The new Corporate Tax Law introduced a modification in the tax incentive for the transfer of certain intangible assets developed by the company, commonly called “Patent Box “”, this type of incentives were introduced for the first time in Spanish legislation, in 2007, in order to be equated with other EU countries that long ago used this type of incentive to reward innovation and promote the identification of companies in the exploitation of both the value of their intellectual property, and its possible transfer to third parties.

This incentive, whose calculation modification will enter into force on July 1, 2016, will be applied to the amount obtained by the income from the transfer of the right of use or exploitation of certain intangible assets valued by the Law itself, considering:

  • Including: patents, designs, plans, formulas or secret procedures, rights in information relating to industrial, commercial or scientific experience.
  • Not including others such as: transfer of trademarks, literary, artistic or scientific works, including cinematographic films, of personal rights susceptible of assignment, such as image rights, computer programs, industrial, commercial or scientific equipment.

The approved incentive that will enter into force in July 2016, has introduced an alteration in the calculation system in order to favor the obtaining of a higher value in the amount to be reduced from the tax base.
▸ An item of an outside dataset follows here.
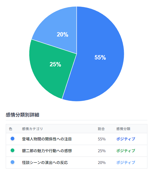 一方、おトキとヘブン先生が怪談に夢中になる一方、銀二郎さんとイライザさんが疎外感を感じている状況に対する視聴者の反応も多く見られました。「イライザさん、ヘブン先生の変化に気づいた感じですね。銀二郎さんもこの2人の関係は?と疑ってることでしょう…」「イライザさんと銀二郎さんは蚊帳の外」「みんなそれぞれに違う思いで、あたあたしてる」「おトキちゃんとヘブンさんはすっかり怪談の世界に没入」など2組のカップルの対照的な様子や、怪談の場での雰囲気、とりわけヘブン先生の食いつきの良さに言及する声が多く、互いの関係性の変化や気まずさを指摘するコメントが目立ちました。

If to date the incentive consisted of applying as a taxable base only 40% of the amount of the assignments, the current system determines that a reduction of 60% of the taxable base resulting from applying a coefficient to the amount of income from the transfer of certain intangible assets, that is, first the coefficient is applied to the income obtained from the transfer of assets, and the result of the operation is applied the reduction of 60%.

Calculation of the coefficient to be applied to the income obtained by the assignment of some intangible rights.

For the calculation of the coefficient, an operation must be carried out to divide two figures from the expenses incurred by the transferring company in relation to the creation of the intangible asset. Article 23 of the Companies Law in its section 1 defines which figures we must include as concepts of numerator and denominator in that operation, in order to obtain the coefficient.

  • Numerator: the expenses incurred by the transferring entity directly related to the creation of the asset, including those derived from subcontracting with third parties not related to it. It must be increased by 30%, without the resulting amount being in any case higher than the amount of the denominator.
  • Denominator: the expenses incurred by the transferring entity directly related to the creation of the asset, including those arising from the subcontracting and, where appropriate, the acquisition of the asset.

For the calculation of the values to be introduced in the operation, financial expenses, amortizations of real estate or other expenses not directly related to the creation of the intangible asset must not be incorporated.

Limitations on the implementation of the 60% reduction.

Likewise, the Law establishes a limitation when applying the reduction of 60, this will only apply to those assignments of intangible assets that have not been made between related entities; having to understand as such, those included in article 18.2 of the Corporate Tax Law, which among others establishes as operations between related entities those in which they act:

  • Two entities belonging to a group.
  • An entity and another entity indirectly owned by the former in at least 25% of the share capital or own funds.
  • An entity resident in Spanish territory and its permanent establishments abroad.

Requirements for the application of the reduction.

It is worth remembering the necessary requirements to apply this reduction, which were already being applied prior to the last amendment of the Companies Law, and which continue to remain in force as of July 2016.

  • That the assignee, when using the rights of use or exploitation, does not do so based on the delivery of goods or services that generate tax-deductible expenses to the assignor.
  • That the assignee does not reside in a tax haven.
  • In cases where the transfer of assets includes ancillary services, these must be completely differentiated in the transfer contract.
  • That the entity has the necessary accounting records to be able to determine the direct income and expenses corresponding to the assets subject to assignment.

Application of incentives

The tax incentives for the assignments of the right of use or exploitation of intangible assets, which have already gone through 3 alterations since their first inclusion in 2007, continue to be applied depending on at what time the assignment was made, in this way in accordance with the transitional provisions of the Law, it will be necessary to be at the date on which the assignment was made to know which incentive corresponds to apply:

  • Those made from July 4, 2007, until the entry into force of Law 14/2013 of September 27, the incentive will consist of the integration into the tax base of 50% of the amount of the assignments
  • Those made from the entry into force of Law 14/2013 until June 30, 2016,may choose to apply in all tax periods that remain until the end of the corresponding contracts, the incentive to only apply 40% of the amount of the assignments.
  • As of July 1, 2016, the last approved system of reducing 60% to the result obtained from a coefficient calculated based on the expenses related to the assignment will be used.

Finally, the Law provides for a unification of the calculation system, being from June 30, 2021 when all assignments that have been made, regardless of the date, must apply the regime that will enter into force on July 1, 2016.